(Data shown):
*****

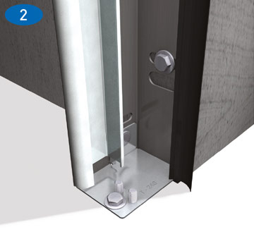 Herraje del suelo El herraje del suelo garantiza la correcta unión del carril con el suelo. El herraje y el perfil distanciador unidos aseguran la correcta distancia entre los carriles guía.
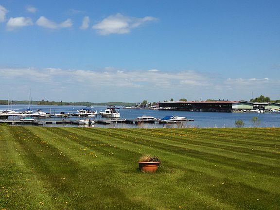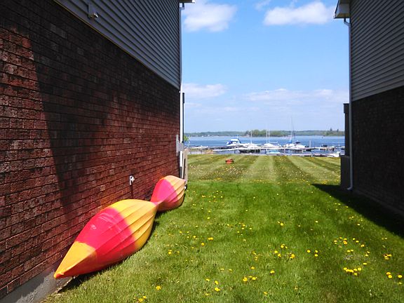 This townhouse has a spectacular view of the St. Lawrence River with a sprawling lawn overlooking it for lounging in the sun, volleyball or frisbee fun. Watch the ships slink by from the mater bedroom's upper balcony or the while sitting on the lower deck enjoying a bbq. Each unit has two parking spaces and the quaint village of Clayton is just over the French Creek bridge. Two bedrooms upstairs each have a full bathroom as well as a half bath off of the kitchen downstairs. This is easy living with no lawn care and a gorgeous view of the water, minus paying waterfront taxes!
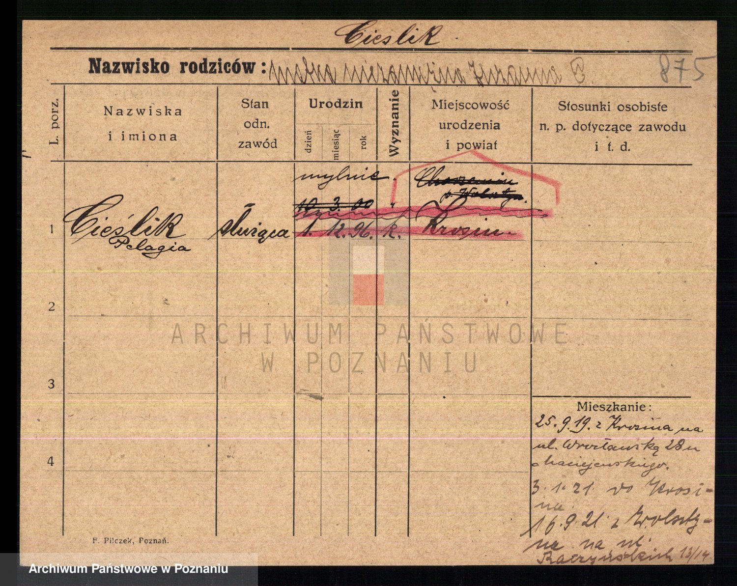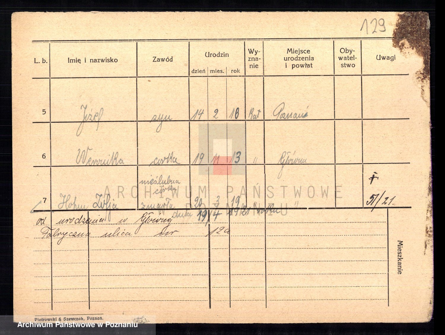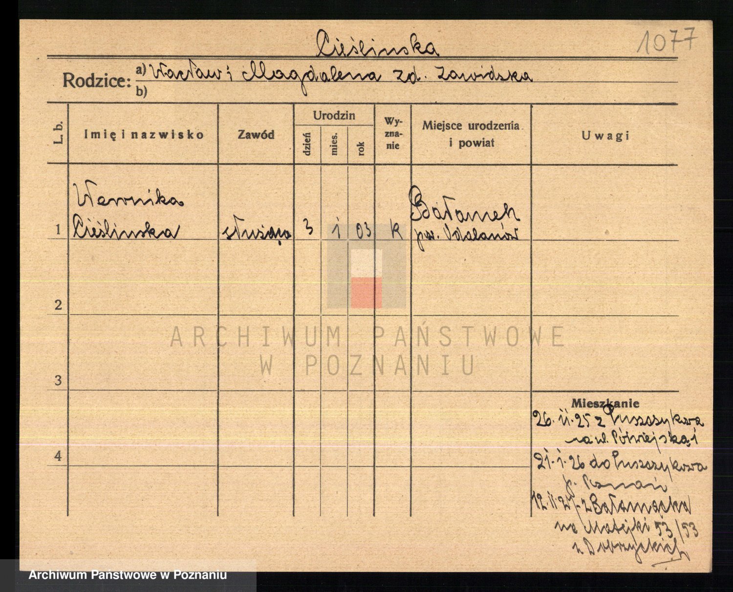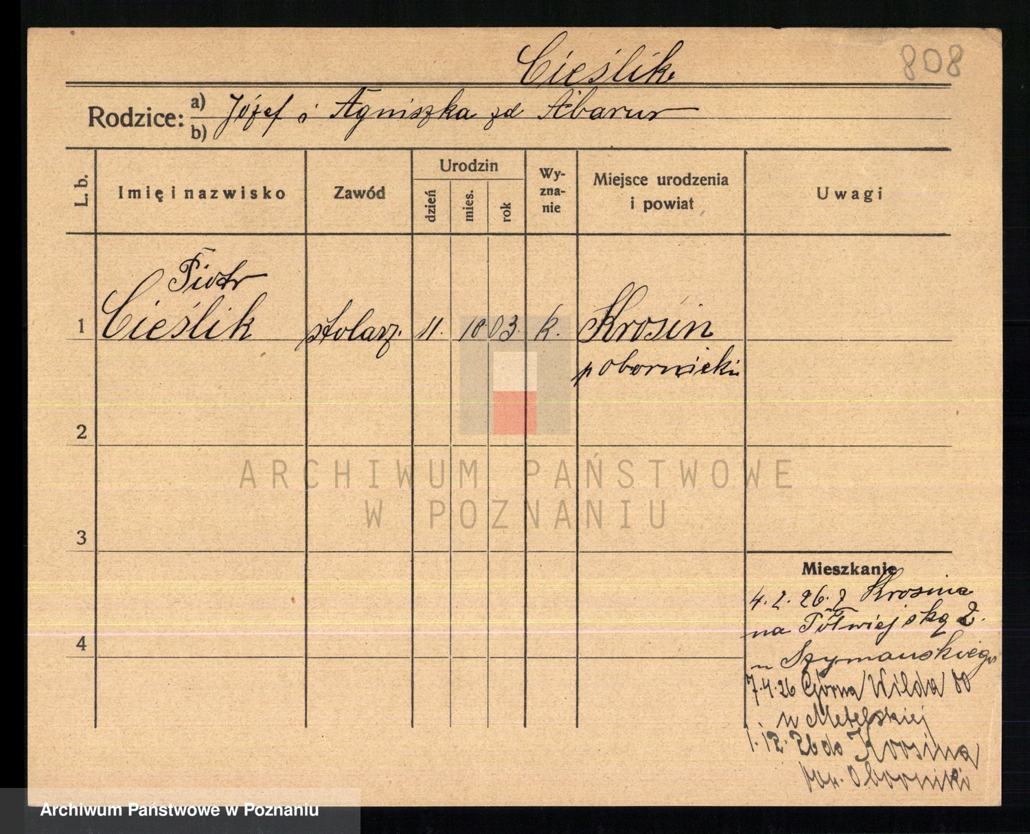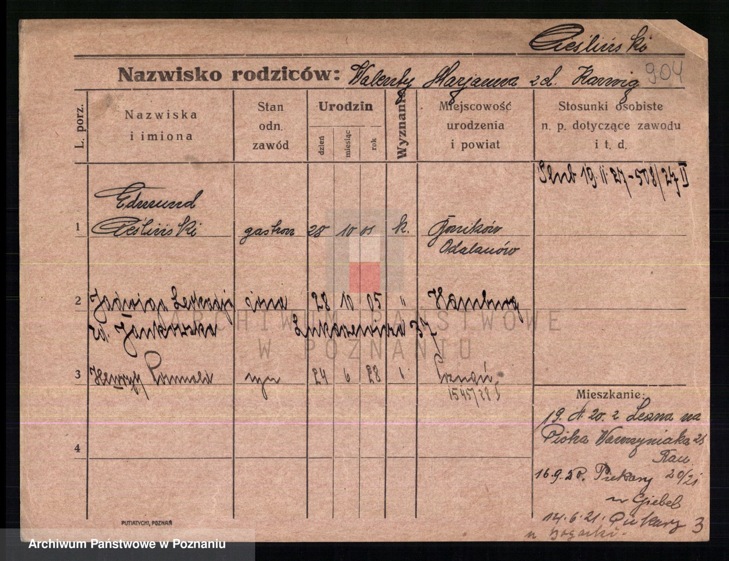 Podgląd karty osobowej dostępny jest po kliknięciu na nazwisko lub ikonkę karty. Można dokonywać powiększenia (ikony na górze) lub przechodzić między kolejnymi skanami (strzałki po bokach).

*****

(Task): Return the material above exactly; the images stay out.

(Answer box):
 Herraje del suelo El herraje del suelo garantiza la correcta unión del carril con el suelo. El herraje y el perfil distanciador unidos aseguran la correcta distancia entre los carriles guía.
 This townhouse has a spectacular view of the St. Lawrence River with a sprawling lawn overlooking it for lounging in the sun, volleyball or frisbee fun. Watch the ships slink by from the mater bedroom's upper balcony or the while sitting on the lower deck enjoying a bbq. Each unit has two parking spaces and the quaint village of Clayton is just over the French Creek bridge. Two bedrooms upstairs each have a full bathroom as well as a half bath off of the kitchen downstairs. This is easy living with no lawn care and a gorgeous view of the water, minus paying waterfront taxes!
 Podgląd karty osobowej dostępny jest po kliknięciu na nazwisko lub ikonkę karty. Można dokonywać powiększenia (ikony na górze) lub przechodzić między kolejnymi skanami (strzałki po bokach).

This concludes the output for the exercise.